A Well control specialist, Victor Ekpenyong working on the site of the Santa Barbara oil spill in Nembe, Bayelsa, has also  disputed two million barrels claim.

Ekpenyong stated that the well was last known to be producing about 700bpd of hydrocarbon fluid and would as of yesterday, had spilled an estimated volume of about 18,000bpd of hydrocarbon fluid to the environment as against the two million barrels of oil he said was wrongly reported.

He said Aiteo deserves commendation for being very active in containing the spill since it started, by immediately informing all regulatory agencies and stakeholders, mobilising containment resources (spill booms) to limit impact to the environment and carrying out a Joint Investigative Visit (JIV) to site with the appropriate authorities.

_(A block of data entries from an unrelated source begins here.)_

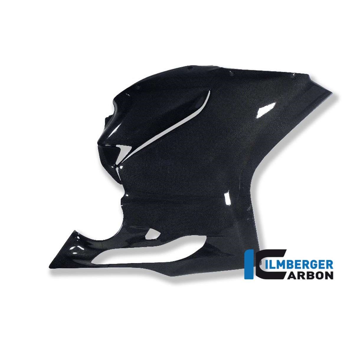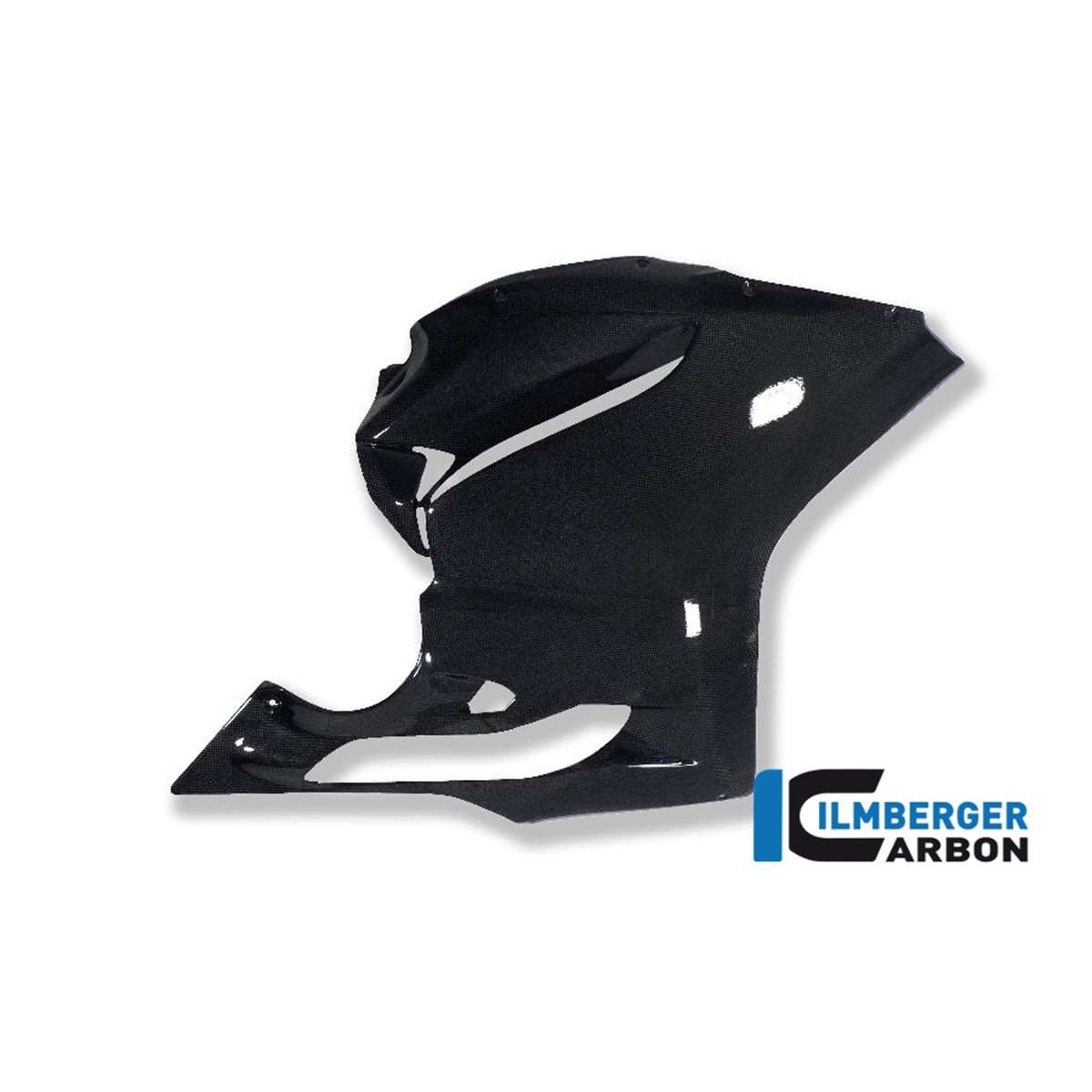 Das Verkleidungsseitenteil in Carbon für die Ducati 1199 Panigale ersetzt das originale Bauteil unter Verwendung der originalen Befestigungspunkte. Im Vordergrund stehen Gewichtsersparnis (in der Regel Einsparung von ca. 70% im Vergleich zum originalen Bauteil) und höhere Steifigkeit.  Das Carbonteil wurde nach den neuesten Richtlinien im Autoklaven komplett aus Prepreg (siehe FAQ) Material gefertigt und im nächsten Schritt, wie bei uns üblich, zum Schutz gegen Umwelteinflüße mit einer klaren Kunststoffbeschichtung überzogen.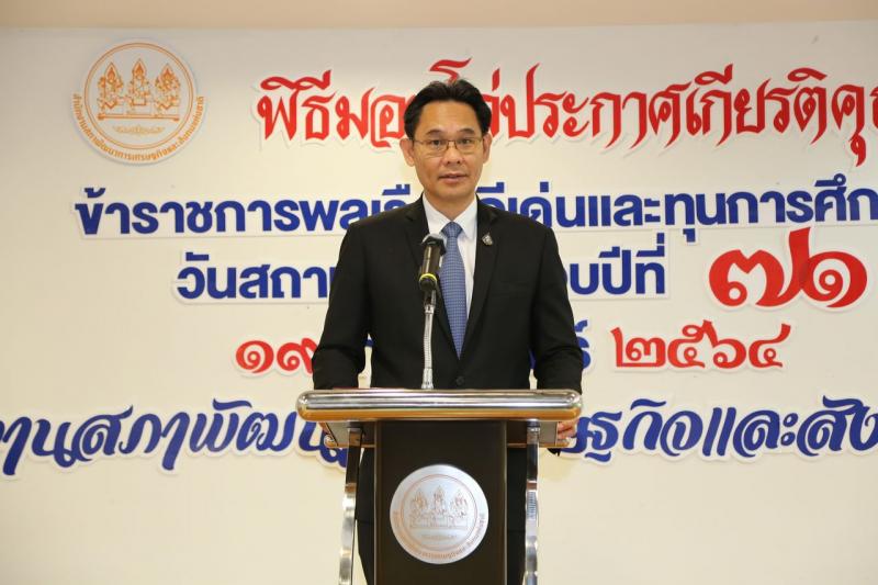 ทั้งนี้ ทุนการศึกษาที่มอบให้แก่บุตร-ธิดา ของบุคลากร สศช. นี้ มีวัตถุประสงค์เพื่อเป็นการสร้างขวัญกำลังใจและช่วยแบ่งเบาภาระของเจ้าหน้าที่ผู้มีรายได้น้อย ซึ่งได้ดำเนินการมาเป็นระยะเวลา 27 ปีติดต่อกัน สำหรับในปี 2564 นี้ สำนักงานฯ ได้รับความอนุเคราะห์จากอดีตข้าราชการของสำนักงานฯ ผู้บริหาร และเจ้าหน้าที่ของสำนักงานฯ เป็นอย่างดียิ่ง โดยได้ร่วมบริจาคเงินเพื่อเป็นทุนการศึกษาจำนวน 221,800 บาท ซึ่งได้พิจารณาจัดสรรทุนให้แก่บุตร-ธิดาของข้าราชการ ลูกจ้างประจำและพนักงานราชการ ที่มีคุณสมบัติเหมาะสมตามหลักเกณฑ์ ทุนละ 6,000 บาท และกำหนดหลักเกณฑ์การจัดสรรทุนการศึกษาเพิ่มเติม กรณีบุตร-ธิดามีผลการศึกษาอยู่ในเกณฑ์ดี ได้รับเพิ่มทุนละ 1,000 – 2,000 บาท โดยในวันนี้มีผู้ได้รับทุนการศึกษาทั้งสิ้นจำนวน 22 ราย รวม 29 ทุน จำแนกเป็น ทุนละ 6,000 บาท จำนวน 14 ทุน ทุนละ 7,000 บาท จำนวน 8 ทุน และทุนละ 8,000 บาท จำนวน 7 ทุน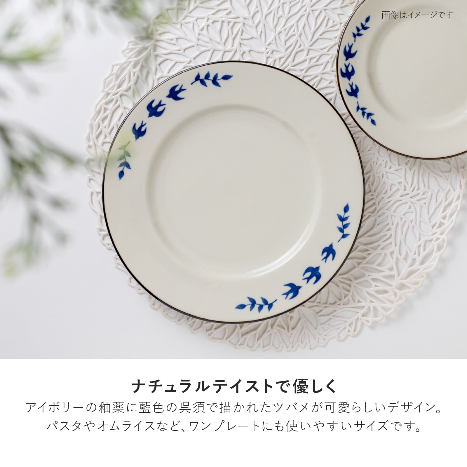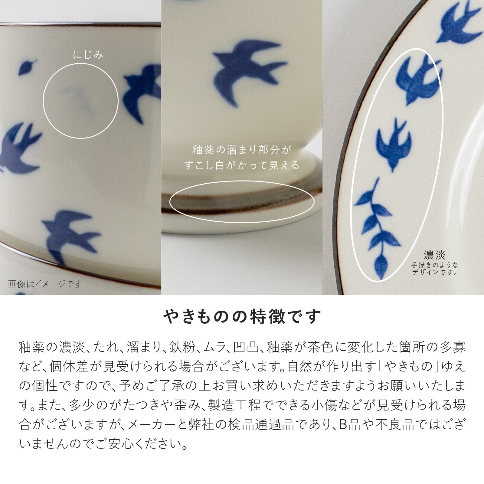 アイボリーの釉薬に、藍色の呉須で描かれたツバメがかわいいデザイン。
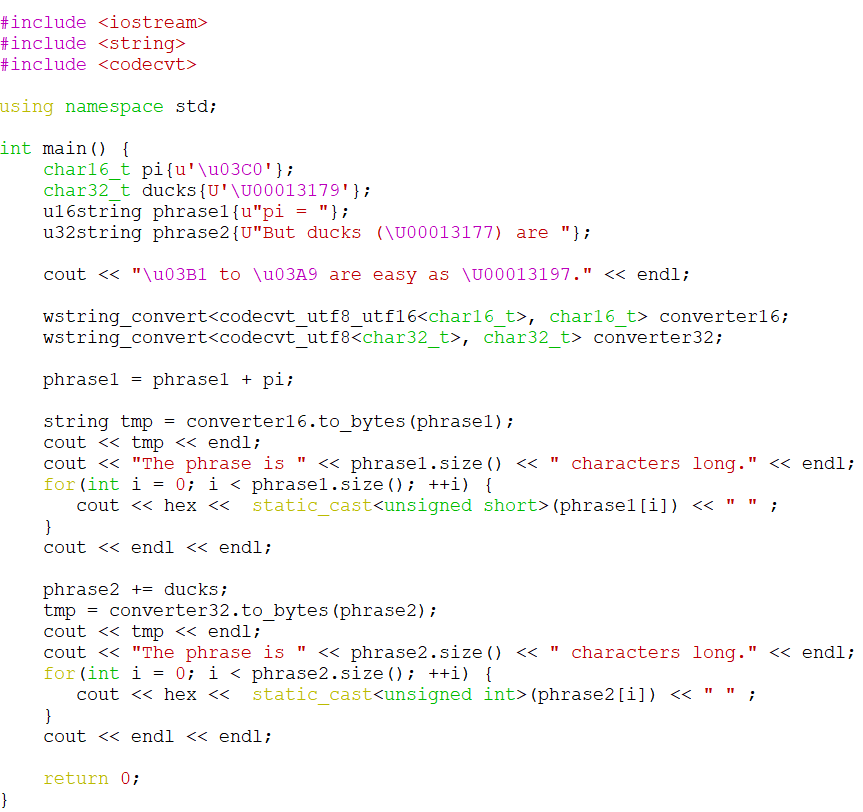 - Unicode is a 8 (UTF-8), 16 (UTF-16) and 32 (UTF-32) bit standard.

He commended the Minister of State for Petroleum Resources, Timipre Sylva and Governor of Bayelsa state, Douye Diri, for finding time to visit the spill site and assessing the current situation as well as the management of Aiteo which he said immediately went to work.

Meanwhile, the company also donated five truckloads of palliative, including food and medical supplies to the Nembe Kingdom. The items, received by the community’s leaders, were stored in the Opu Nembe Town Hall for onward distribution to fishing communities directly affected by the spill included 10 cows, 500 bags of rice, 500 cartons of noodles, 500 cartons of water, 500 tubers of yam, 200 cartons of toilet rolls, 200 cartons of milk, 200 bags of garri, 200 cartons of tin tomatoes, 100 cartons of bevarages, 100 cartoons of vegetable oil, 100 Knorr season cubes, 100 bags of salt, 100 bags of Ariel soaps, Jerry cans of palm oil, six digital thermometers, four blood pressure machines, two sugar testing kits, 150 packs of Coartem for malaria, five packs of PCM, five carto.

Chairman of Opu-Nembe Council of Chiefs, Chief Ori Ango Ekpeleyai-Oruwari, who spoke on behalf of the Nembe monarch, said: “On behalf of the Amanayanbo of Opu-Nembe Kingdom, I receive these relief materials that are coming to our community for the second time. For those who are directly impacted in the oil spillage from OML 29 at Santa Barbara we are indeed very grateful to Aiteo for bringing this relief materials to us.”